Since our assets are easily observed and already ranked and prioritized by “value”, our survival preparation may more effectively depend on revealing and then linking these resources among ourselves, and by establishing new networks and creating closer relationships with others in our geographies with whom we can communicate, get to quickly, and achieve the advantage of mass in either defensive or offensive actions. An understanding (maybe acquisition and use?) of GIS technologies and mapping can enable preppers to make more flexible plans and be much more “mobile” and responsive to threats. With LIP as a controlling factor, using the information and technology may be more valuable than barbed wire and bullets to stem the tide. More like-minded people must easily be gathered when authorities may be overwhelmed or when those authorities bring their own action against us as we are flagged as perceived or real threats.
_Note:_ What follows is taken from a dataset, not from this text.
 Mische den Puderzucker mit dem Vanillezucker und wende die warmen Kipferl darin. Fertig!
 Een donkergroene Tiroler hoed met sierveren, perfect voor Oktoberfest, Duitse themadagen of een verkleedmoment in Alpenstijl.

Summary and Conclusions: We may reluctantly concede that as individuals we may already be digitally classified as threats and therefore potential insurgents. The bigger issue is that we may also have to agree that our hide-out survival vision may be incorrect and need substantial modification. It is a fundamental mistake to think we are not “visible” in our retreats in the mountains or the woods. Knowing that even small local governments have generally completed LIP initiatives, that the data is transferable and shared with other databases, that authorities have assumed or have been legally granted “custodial responsibilities” for our property and our resources, we must contemplate modifying our vision from one where success is no longer entirely based on distance, infrequent communications, and on trying to create and carry out “invisible” private activities to one where closer proximity, more frequent communications, common use of data tools and technology, and more open and direct action can hold back the tide when TSHTF.
A personal note and an excellent example: Throughout history there are countless examples of successful survival strategies and tactics, but one family story comes to mind that is worth telling as it relates to the use of geography and local resources, and to the development of a perception and a reality for an enemy that a fight they wanted was not worth making – where the battlefield was well understood by the defenders, where communications and mobility were key factors, and where the outcome was a great conflict successfully avoided and everyone survived.
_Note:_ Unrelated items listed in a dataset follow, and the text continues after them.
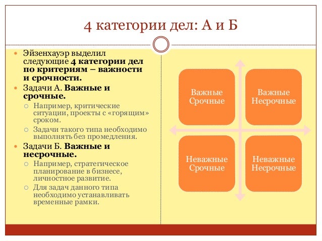 12. 12. 4 категории дел: А и Б  Эйзенхауэр выделил следующие 4 категории дел по критериям – важности и срочности.  Задачи А. Важные и срочные.  Например, критические ситуации, проекты с «горящим» сроком.  Задачи такого типа необходимо выполнять без промедления.  Задачи Б. Важные и несрочные.  Например, стратегическое планирование в бизнесе, личностное развитие.  Для задач данного типа необходимо устанавливать временные рамки. Важные Срочные Важные Несрочные Неважные Срочные Неважные Несрочные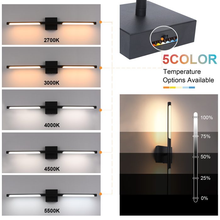 Selectable Color Temperature: Easily adjust your ambiance with 5 color temperature options — 2700K (Warm White), 3000K, 4000K (Neutral White), 4500K, and 5500K (Cool White). Simply slide the side button on the fixture base to choose your preferred lighting tone for any occasion.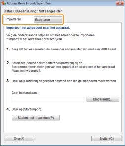 Bij gebruik van het Address Book Import/Export Tool (hulpprogramma Adresboek importeren/exporteren) moet het apparaat via een USB-kabel op de computer aangesloten zijn.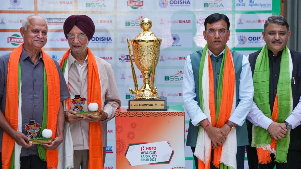 ఆసియా కప్ 2025 ట్రోఫీని ఆవిష్కరించిన సందర్భంగా యూనియన్ స్పోర్ట్స్ మంత్రి మన్సుఖ్ మాండవియా మాజీ హాకీ ఆటగాళ్ళు జాఫర్ ఇక్బాల్,) (ఎడమ), హర్బిందర్ సింగ్ (2 వ ఎడమ). (పిటిఐ ఫోటో)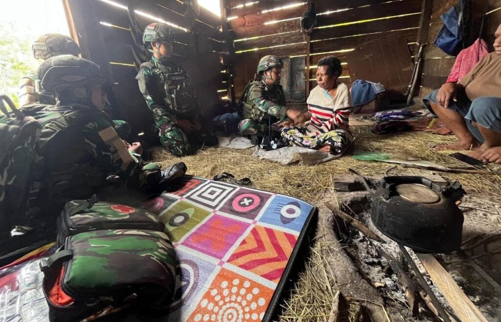 Distrik Kelila, —Personil Satgas Pamtas Kewilayahan Yonif 521/DY Pos Kelila melaksanakan memeriksa kesehatan warga yang sedang sakit secara gratis di Distrik Kelila, Mamberamo Tengah, Papua Pegunungan (10/12/2025).

The setting was Cincinnati in 1862. Confederate General Kirby Smith had arrived on the scene with a formidable, well trained and well equipped army, capturing Lexington Kentucky. Smith ordered his junior officer, General Henry Heth to cross the Ohio River and capture Cincinnati. With a real battle looming, Ohio was in an uproar. Defensive resources were slim. The Governor and Union Officers called for volunteers. Riders went out to the surrounding counties and armed men responded to their call. Nearly 16,000 civilians would come into town carrying “antiquated” weapons, and this body was properly and proudly referred to as the Squirrel Hunters. These men had no military training, but “they could shoot the eye out of a squirrel at 100 yards”. My own great-grandfather was among them. The name and size of the group said it all, and within a few days, the Confederate forces withdrew and left the area. Crossing the river under the fire of back country sharpshooters was not an option. Well-understood geography, quick communications, and responsive people saved the day.
Citations, Locales, and Sourcing: [Deleted by the Editor, for OPSEC.]